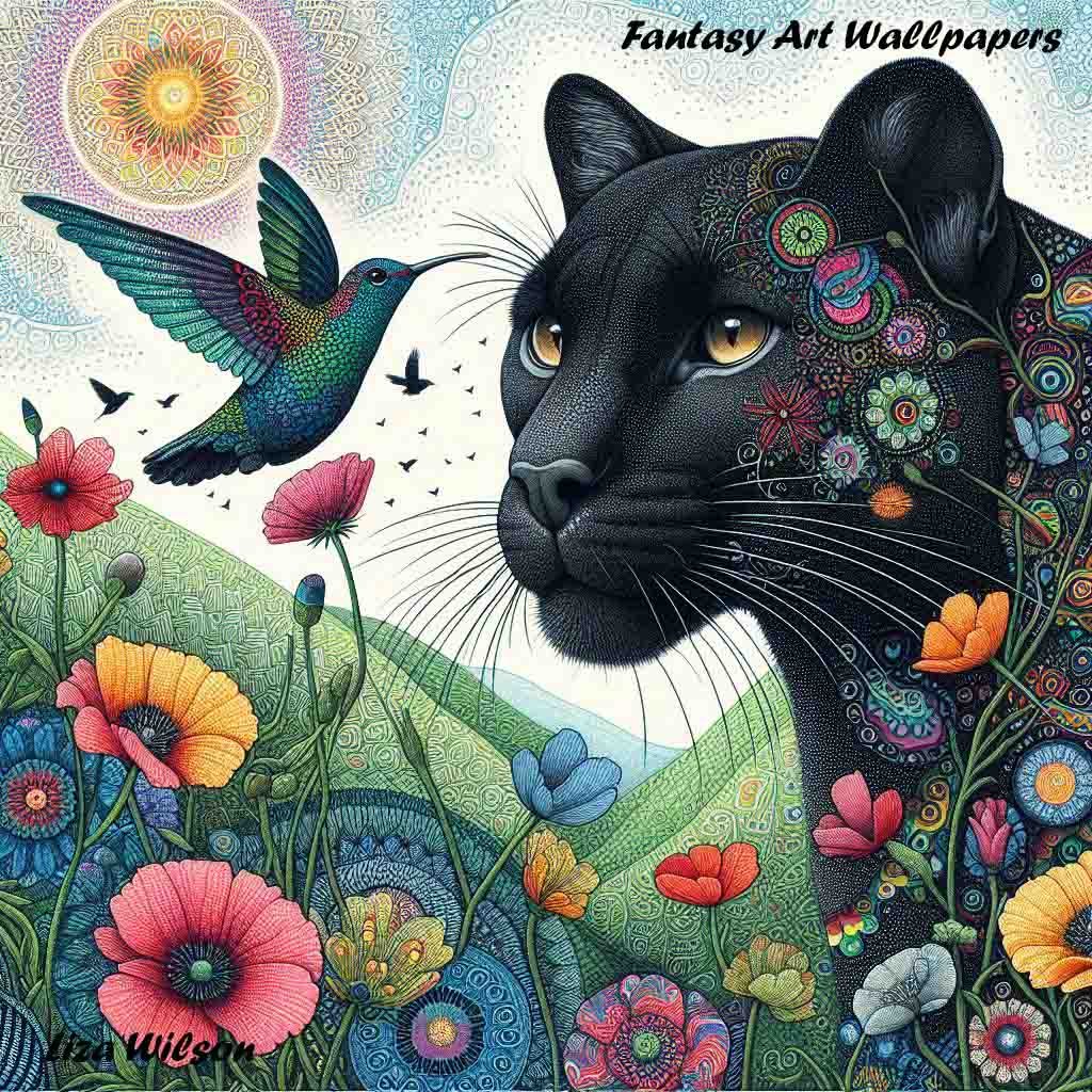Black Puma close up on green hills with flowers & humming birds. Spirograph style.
=======
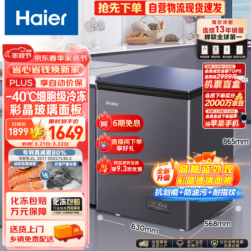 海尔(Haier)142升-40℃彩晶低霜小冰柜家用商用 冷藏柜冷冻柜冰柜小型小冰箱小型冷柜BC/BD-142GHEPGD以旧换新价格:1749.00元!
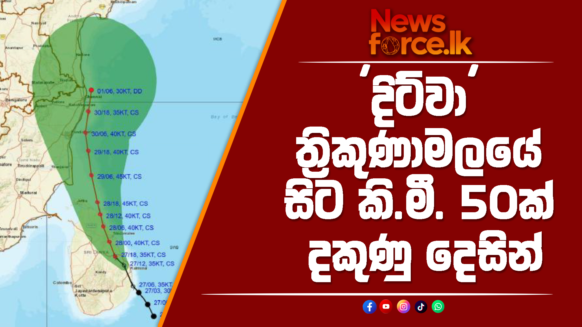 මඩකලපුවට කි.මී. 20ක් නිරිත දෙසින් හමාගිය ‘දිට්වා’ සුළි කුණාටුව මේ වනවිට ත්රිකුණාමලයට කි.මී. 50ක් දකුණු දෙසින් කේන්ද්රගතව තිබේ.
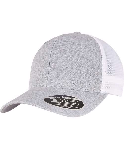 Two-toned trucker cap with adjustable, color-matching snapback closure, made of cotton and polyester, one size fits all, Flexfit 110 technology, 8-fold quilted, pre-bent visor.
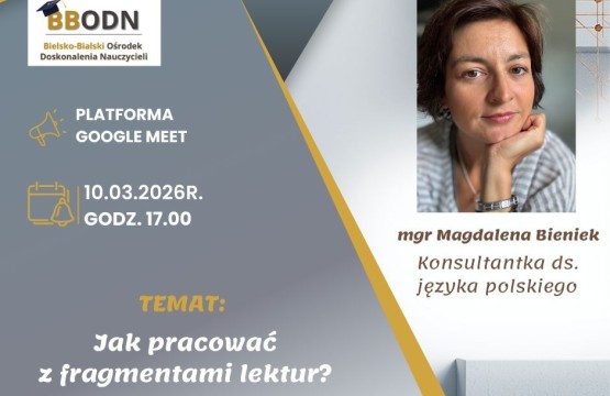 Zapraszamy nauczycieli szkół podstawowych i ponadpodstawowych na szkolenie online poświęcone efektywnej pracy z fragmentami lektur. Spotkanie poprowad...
=======
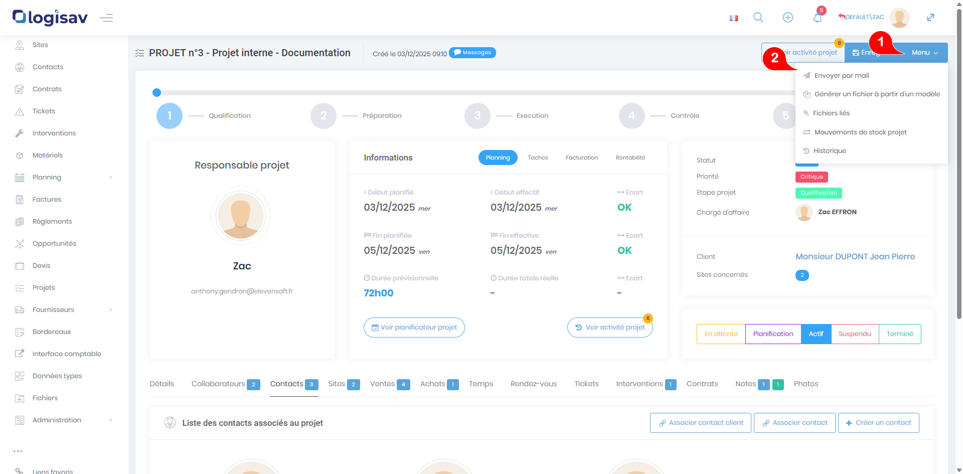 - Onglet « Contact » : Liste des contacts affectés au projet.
=======
**What you are asked to do**
Pictures aside, return exactly the lines from the data above, starting at the line that has "海尔(Haier)142升-40℃彩晶低" and ending at the line that has "Zapraszamy nauczycieli szkół", both included.

**Written solution**
 海尔(Haier)142升-40℃彩晶低霜小冰柜家用商用 冷藏柜冷冻柜冰柜小型小冰箱小型冷柜BC/BD-142GHEPGD以旧换新价格:1749.00元!
 මඩකලපුවට කි.මී. 20ක් නිරිත දෙසින් හමාගිය ‘දිට්වා’ සුළි කුණාටුව මේ වනවිට ත්රිකුණාමලයට කි.මී. 50ක් දකුණු දෙසින් කේන්ද්රගතව තිබේ.
 Two-toned trucker cap with adjustable, color-matching snapback closure, made of cotton and polyester, one size fits all, Flexfit 110 technology, 8-fold quilted, pre-bent visor.
 Zapraszamy nauczycieli szkół podstawowych i ponadpodstawowych na szkolenie online poświęcone efektywnej pracy z fragmentami lektur. Spotkanie poprowad...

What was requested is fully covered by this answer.